# [PROVIDED RECORDS]
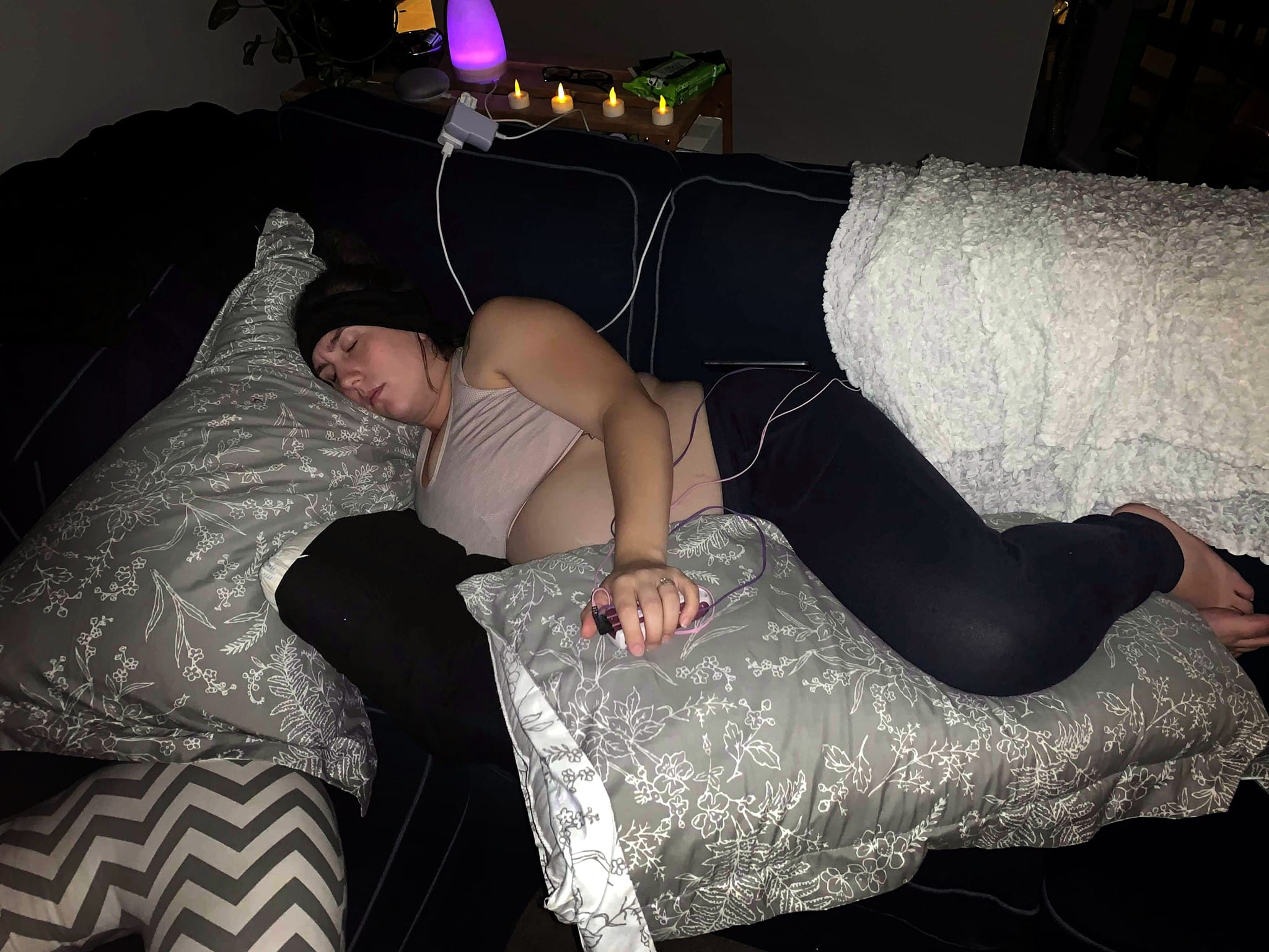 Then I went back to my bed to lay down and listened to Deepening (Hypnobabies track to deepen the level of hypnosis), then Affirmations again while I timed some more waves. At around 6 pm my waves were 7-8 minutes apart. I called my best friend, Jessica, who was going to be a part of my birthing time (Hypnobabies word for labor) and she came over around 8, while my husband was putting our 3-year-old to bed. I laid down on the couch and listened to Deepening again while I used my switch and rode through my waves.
...
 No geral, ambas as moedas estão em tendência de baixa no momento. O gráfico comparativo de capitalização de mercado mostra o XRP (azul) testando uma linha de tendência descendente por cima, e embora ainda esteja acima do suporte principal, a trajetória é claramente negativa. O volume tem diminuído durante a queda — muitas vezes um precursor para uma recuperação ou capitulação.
* * *
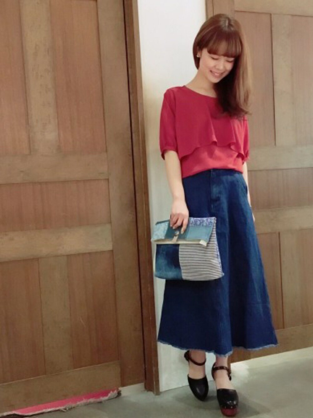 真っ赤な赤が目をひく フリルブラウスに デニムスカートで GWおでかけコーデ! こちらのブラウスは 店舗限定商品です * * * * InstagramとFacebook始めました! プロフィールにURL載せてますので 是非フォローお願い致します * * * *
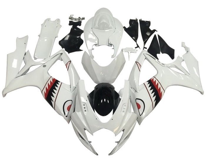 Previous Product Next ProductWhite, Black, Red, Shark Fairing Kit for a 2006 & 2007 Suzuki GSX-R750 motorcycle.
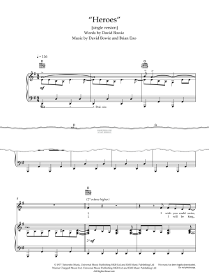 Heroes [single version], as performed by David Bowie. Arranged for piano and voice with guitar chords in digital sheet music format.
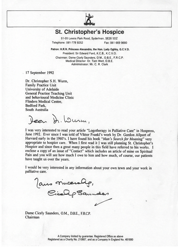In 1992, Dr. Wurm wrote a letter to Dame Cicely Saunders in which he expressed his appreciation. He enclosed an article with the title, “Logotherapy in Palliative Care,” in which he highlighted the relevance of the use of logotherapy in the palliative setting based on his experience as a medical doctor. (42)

# [TASK STATEMENT]
Copy out exactly the material that runs from the line with "真っ赤な赤が目をひく フリルブラウスに デニムスカートで" to the line with "Heroes [single version], as", ends included, and leave the pictures behind.

# [RESPONSE TO THE TASK]
 真っ赤な赤が目をひく フリルブラウスに デニムスカートで GWおでかけコーデ! こちらのブラウスは 店舗限定商品です * * * * InstagramとFacebook始めました! プロフィールにURL載せてますので 是非フォローお願い致します * * * *
 Previous Product Next ProductWhite, Black, Red, Shark Fairing Kit for a 2006 & 2007 Suzuki GSX-R750 motorcycle.
 Heroes [single version], as performed by David Bowie. Arranged for piano and voice with guitar chords in digital sheet music format.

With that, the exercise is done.